Exercise | When you copy the data, keep every word exactly as it is and leave the pictures out.

Input data |
• • • • •
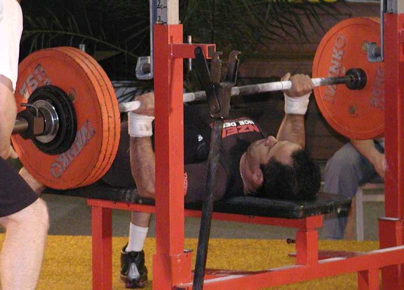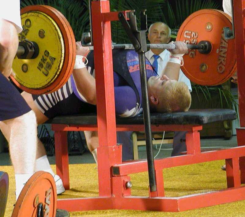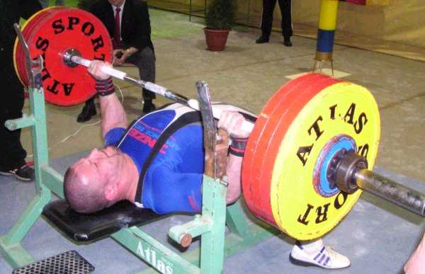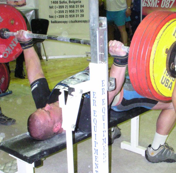 | Eduard Isakov (RUS) bench pressing a world record 292.5kg in the men's 125kg class (Köberich photo). |
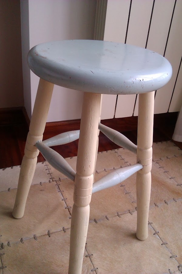 Los tonos escogidos fueron en este caso dos restos de pinturas sobrantes de otros trabajos, que con gusto aprovechamos en esta ocasión; un pelín de desgaste .... y listo....
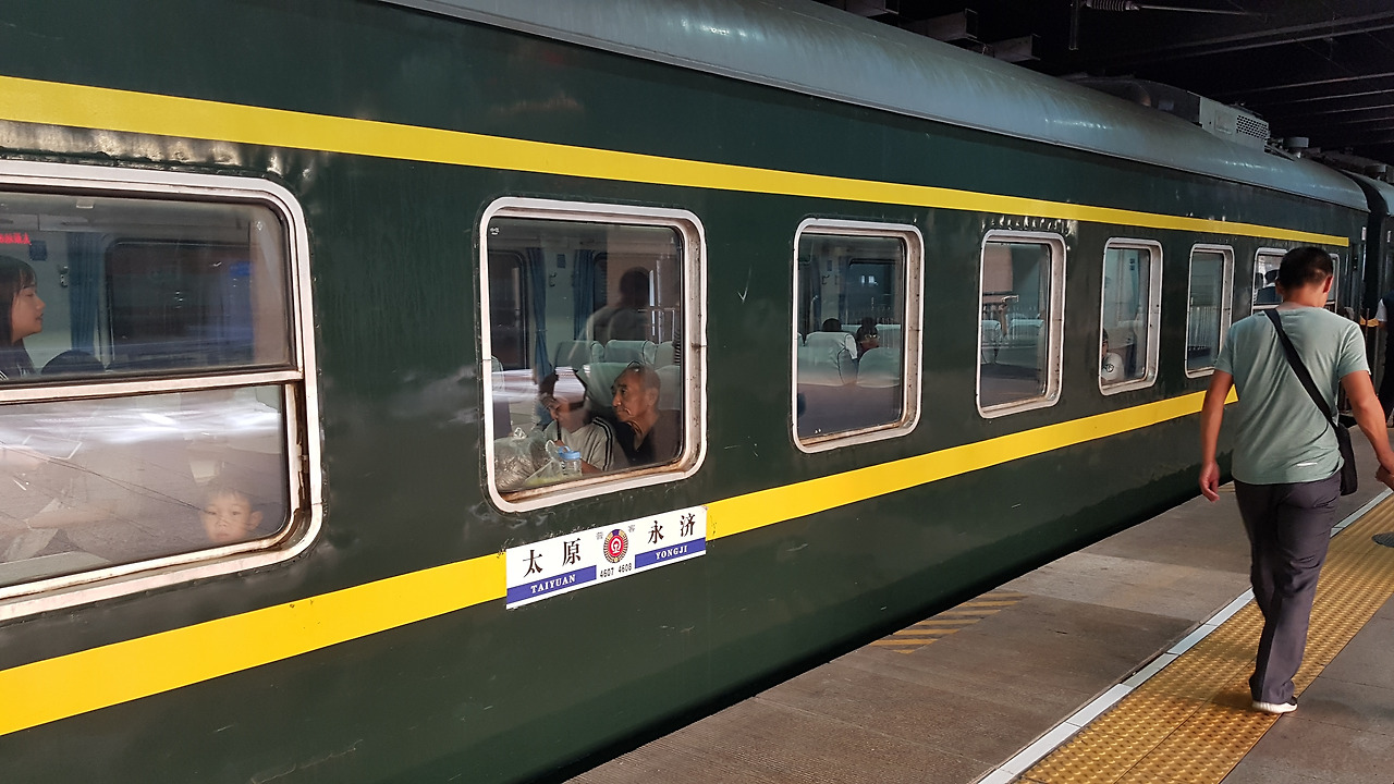 타이위안을 출발하여 용지(永济)라는 이름의 처음 들어본 도시로 가는 이 열차. 찾아보니 용지는 산시성(山西省)과 또 다른 산시성(陕西省) 경계에 있는 도시란다. 기차편 이름에 다른 알파벳이 붙어 있지 않아 생경하다 싶었는데(고속철 등 특수 열차는 기차 편명 앞에 G, D 등 알파벳이 하나씩 붙어 있다), 이 기차는 지금까지 지역연구를 위해 타본 다른 기차들과도 전혀 다른 모습을 가졌다. 겉이 온통 초록색으로 칠해져 있어 초록 껍데기 기차(绿皮车)라는 이름으로 불리는 이 기차는 가장 속도가 느리고 값이 싼 축에 속하는 일반 기차다. 작은 도시 위주로 구석구석 다니는 기차여서 그런지 기차 밖 풍경도 정말 시골 풍경이다. 중국인들에겐 이런 초록 기차가 나름의 향수를 불러일으키는 모양인지 위챗에 사진을 올리니 친구들의 반응이 뜨겁다.
• • • • •
Output of the exercise |
 | Eduard Isakov (RUS) bench pressing a world record 292.5kg in the men's 125kg class (Köberich photo). |
 Los tonos escogidos fueron en este caso dos restos de pinturas sobrantes de otros trabajos, que con gusto aprovechamos en esta ocasión; un pelín de desgaste .... y listo....
 타이위안을 출발하여 용지(永济)라는 이름의 처음 들어본 도시로 가는 이 열차. 찾아보니 용지는 산시성(山西省)과 또 다른 산시성(陕西省) 경계에 있는 도시란다. 기차편 이름에 다른 알파벳이 붙어 있지 않아 생경하다 싶었는데(고속철 등 특수 열차는 기차 편명 앞에 G, D 등 알파벳이 하나씩 붙어 있다), 이 기차는 지금까지 지역연구를 위해 타본 다른 기차들과도 전혀 다른 모습을 가졌다. 겉이 온통 초록색으로 칠해져 있어 초록 껍데기 기차(绿皮车)라는 이름으로 불리는 이 기차는 가장 속도가 느리고 값이 싼 축에 속하는 일반 기차다. 작은 도시 위주로 구석구석 다니는 기차여서 그런지 기차 밖 풍경도 정말 시골 풍경이다. 중국인들에겐 이런 초록 기차가 나름의 향수를 불러일으키는 모양인지 위챗에 사진을 올리니 친구들의 반응이 뜨겁다.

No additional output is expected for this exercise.